Anspruch auf die Regelaltersrente besteht ab Erreichen der Regelaltersgrenze. Für vor 1947 Geborene lag diese bei 65. Wurden sie 1947 bis 1963 geboren, wird die Regelaltersgrenze stufenweise angehoben. Wurden sie 1964 oder später geboren, liegt die Grenze bei 67 Jahren. Vorzeitig können die Versicherten diese Rente nicht erhalten.

Vertrauensschutz: Wenn Sie vor dem 1. Januar 1955 geboren wurden und vor dem 1. Januar 2007 mit Ihrem Arbeitgeber Altersteilzeitarbeit nach dem Altersteilzeitgesetz vereinbart haben, können Sie aus Vertrauensschutzgründen weiterhin mit 65 Jahren in die Regelrente gehen. Das Gleiche gilt, wenn Sie vor dem 1. Januar 1964 geboren wurden und Anpassungsgeld für entlassene Arbeitnehmer des Bergbaus bezogen haben.
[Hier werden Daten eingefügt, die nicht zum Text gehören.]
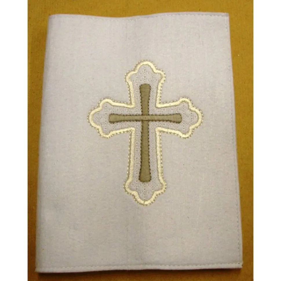 Liebevolle Handarbeit Gotteslobhülle, Einband – handgefertigt aus Filz 3 mm stark weiss beige mit grau Kreuz-

Für die Regelaltersrente werden vor allem Beitragszeiten, Zeiten aus einem Versorgungsausgleich, aus einem Rentensplitting unter Ehegatten oder eingetragenen Lebenspartner und aus Minijobs berücksichtigt. Beitragszeiten sind Zeiten, für die Rentenversicherungsbeiträge gezahlt werden oder als gezahlt gelten. Das können Pflichtbeiträge oder freiwillige Beträge sein. Anders als bei anderen Altersrenten kann der Bezieher der Regelaltersrente ohne Anrechnung auf die eigene Rente unbegrenzt hinzuverdienen.